- _REQUIRED ACTION_
Below is a listing; write it out exactly and drop any images from it.

- _DATASET EXCERPT_
▬▬▬▬▬▬▬▬▬▬
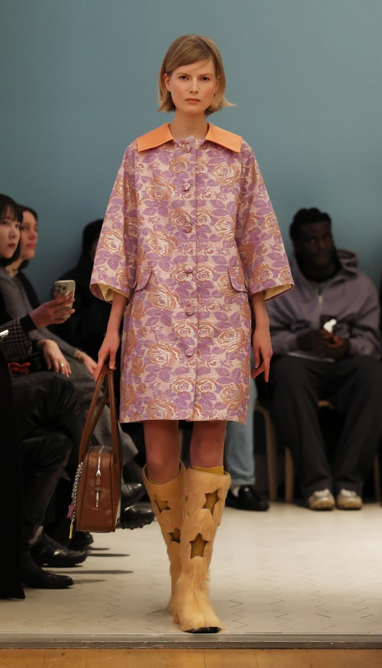 Der Designer scheut sich nicht, sehr mutig mit kontrastierenden Materialien zu experimentieren. Neben Brokat, Jacquard und Strick finden sich auch Textilien wieder, die aus dem Bereich der Heimtextilien kommen und eher bei warmen Stoffdecken verortet werden oder an die Taktilität von Plüschtieren erinnern.
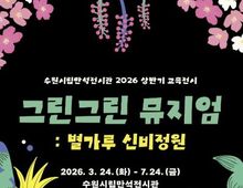 (케이엠뉴스) 경기도 수원시립미술관은 자연과의 관계를 성찰하고 생태적 가치를 체험하는 참여형 교육전시 《그린그린 뮤지엄 : 별가루 신비정원》을 3월 24일부터 7월 24일까지 수원시립만석전시관에서 개최한다. 《그린그린 뮤지엄》은‘자연과의 눈맞춤’을 주제로 자연의 초록(Green) 빛을 예술로 그려낸다(Drawing)는 중의적 의미를 담아 연간으로 운영된다. 2026년 상ㆍ하반기 두 차례에 걸쳐 운영되며, 상반기 1부 전시는《그린그린 뮤지엄: 별가루 신비정원》에 이어 하반기에는 새로운 주제의 2부 전시가 이어질 예정이다. 이번 전시는 회화 작가 진영(b.1982)과 설치, 사운드 등 융복합 작업을 선보이는 팀 아르테코(est.2023, 설혜린, 이소희, 김창수, 드림스케이프)가 참여한다. 전시는 총 20점의 작품으로 구성되며, 두 개의 섹션을 통해 자연을 감각하고 사유하는 경험을 제공한다. 첫 번째 섹션 '어두운 밤, 숲의 이야기'는 앵무새를 매개로 숲의 서사를 그려내는 작가 진영의 작품을 소개한다. 클로드 모네의 '수련이 있는 연'을 오마주한 작업 '사이 02'(2024)는 도시 속 유일한 쉼의 공간인 공원이라
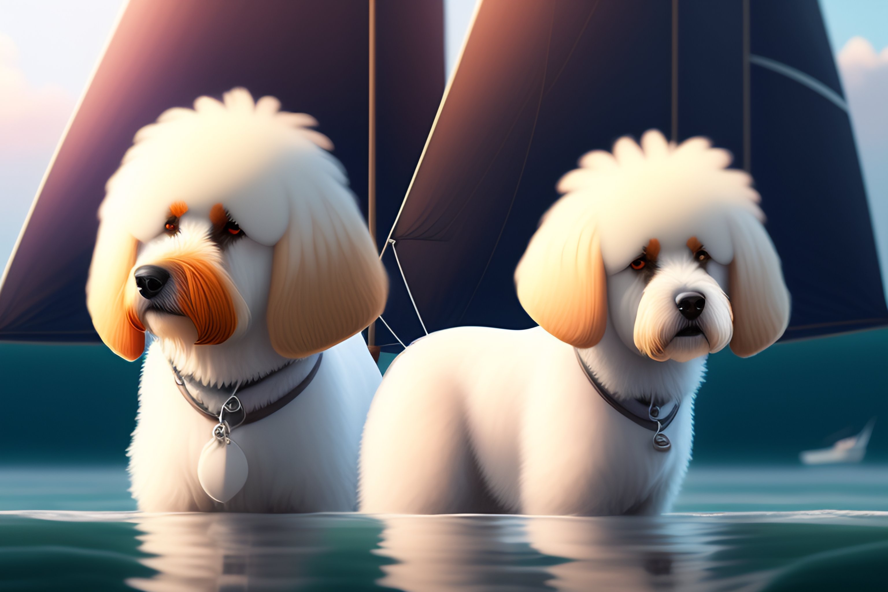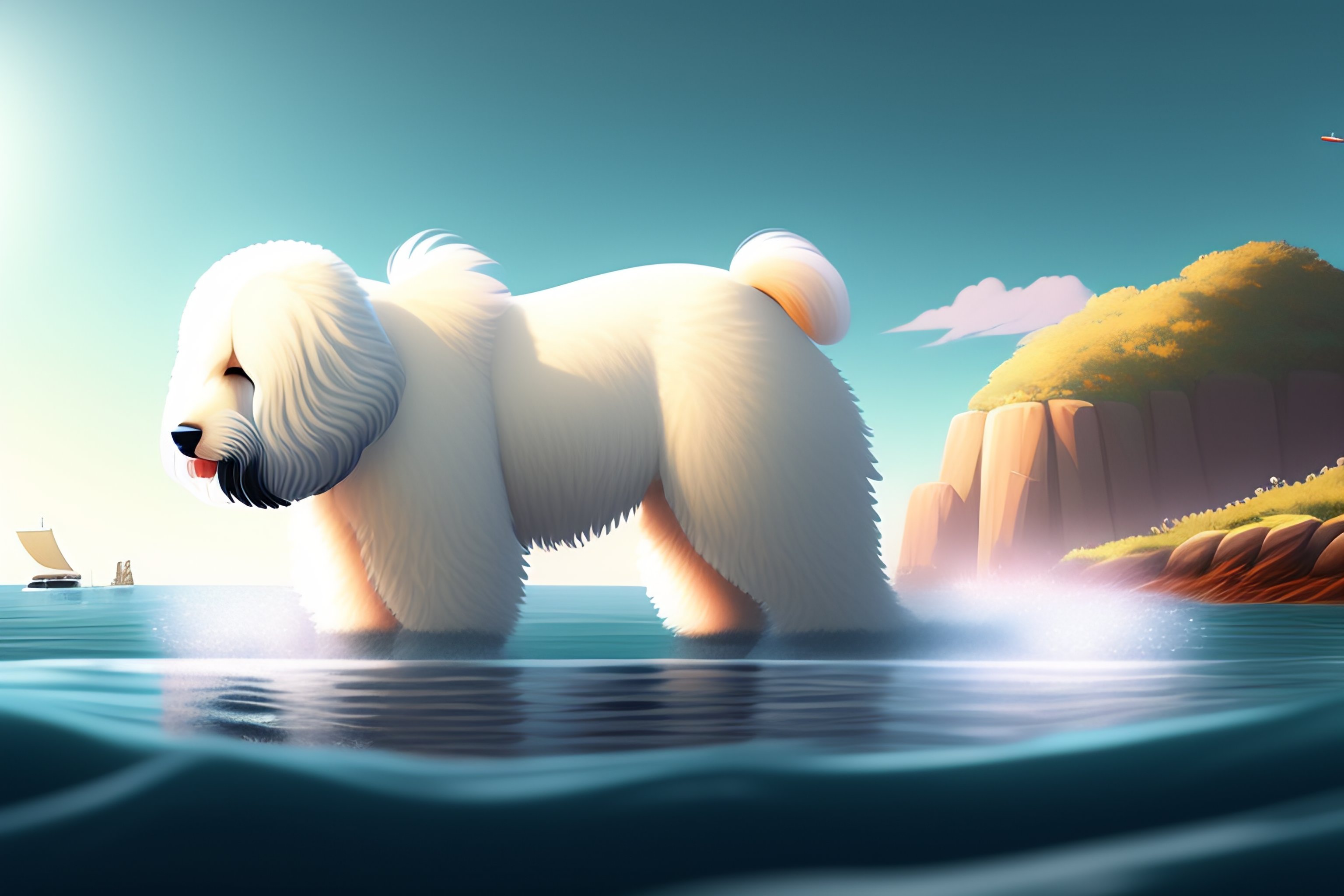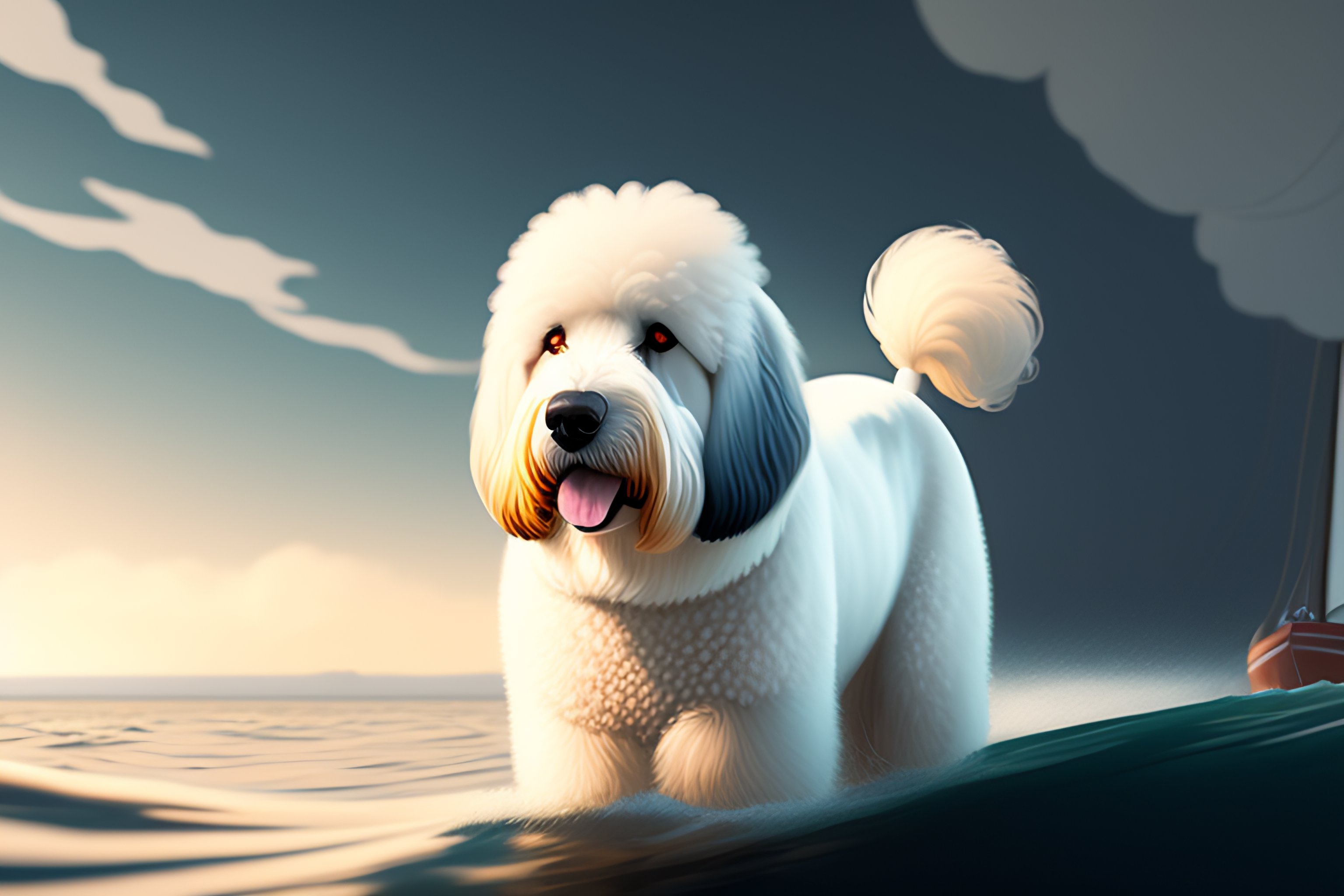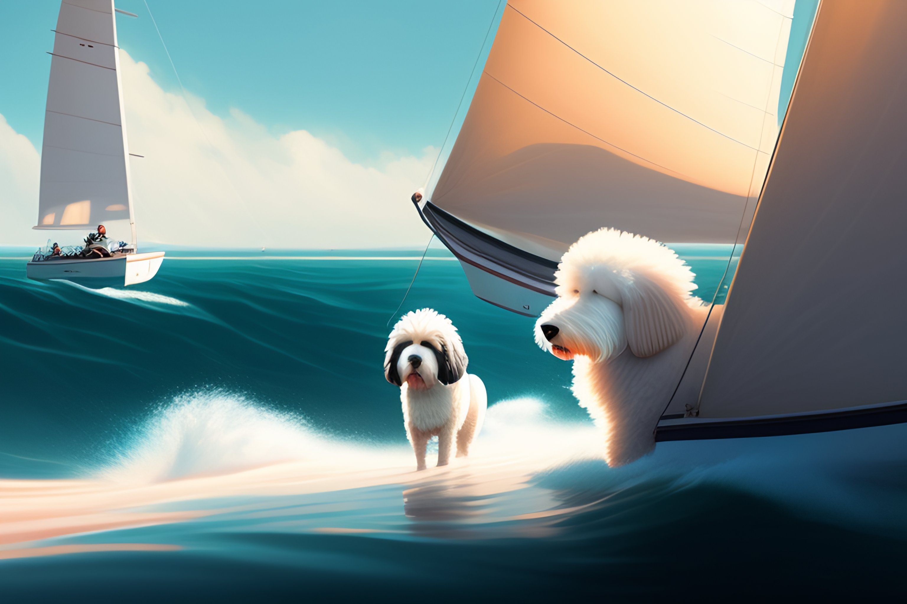 A cream - colored old english sheepdog dog, sailing on an america's cup boat, hydrofoil, atey ghailan, goro fujita, studio ghibli, rim light, exquisite lighting, clear focus, very coherent
▬▬▬▬▬▬▬▬▬▬
- _ANSWER SPACE_
 Der Designer scheut sich nicht, sehr mutig mit kontrastierenden Materialien zu experimentieren. Neben Brokat, Jacquard und Strick finden sich auch Textilien wieder, die aus dem Bereich der Heimtextilien kommen und eher bei warmen Stoffdecken verortet werden oder an die Taktilität von Plüschtieren erinnern.
 (케이엠뉴스) 경기도 수원시립미술관은 자연과의 관계를 성찰하고 생태적 가치를 체험하는 참여형 교육전시 《그린그린 뮤지엄 : 별가루 신비정원》을 3월 24일부터 7월 24일까지 수원시립만석전시관에서 개최한다. 《그린그린 뮤지엄》은‘자연과의 눈맞춤’을 주제로 자연의 초록(Green) 빛을 예술로 그려낸다(Drawing)는 중의적 의미를 담아 연간으로 운영된다. 2026년 상ㆍ하반기 두 차례에 걸쳐 운영되며, 상반기 1부 전시는《그린그린 뮤지엄: 별가루 신비정원》에 이어 하반기에는 새로운 주제의 2부 전시가 이어질 예정이다. 이번 전시는 회화 작가 진영(b.1982)과 설치, 사운드 등 융복합 작업을 선보이는 팀 아르테코(est.2023, 설혜린, 이소희, 김창수, 드림스케이프)가 참여한다. 전시는 총 20점의 작품으로 구성되며, 두 개의 섹션을 통해 자연을 감각하고 사유하는 경험을 제공한다. 첫 번째 섹션 '어두운 밤, 숲의 이야기'는 앵무새를 매개로 숲의 서사를 그려내는 작가 진영의 작품을 소개한다. 클로드 모네의 '수련이 있는 연'을 오마주한 작업 '사이 02'(2024)는 도시 속 유일한 쉼의 공간인 공원이라
 A cream - colored old english sheepdog dog, sailing on an america's cup boat, hydrofoil, atey ghailan, goro fujita, studio ghibli, rim light, exquisite lighting, clear focus, very coherent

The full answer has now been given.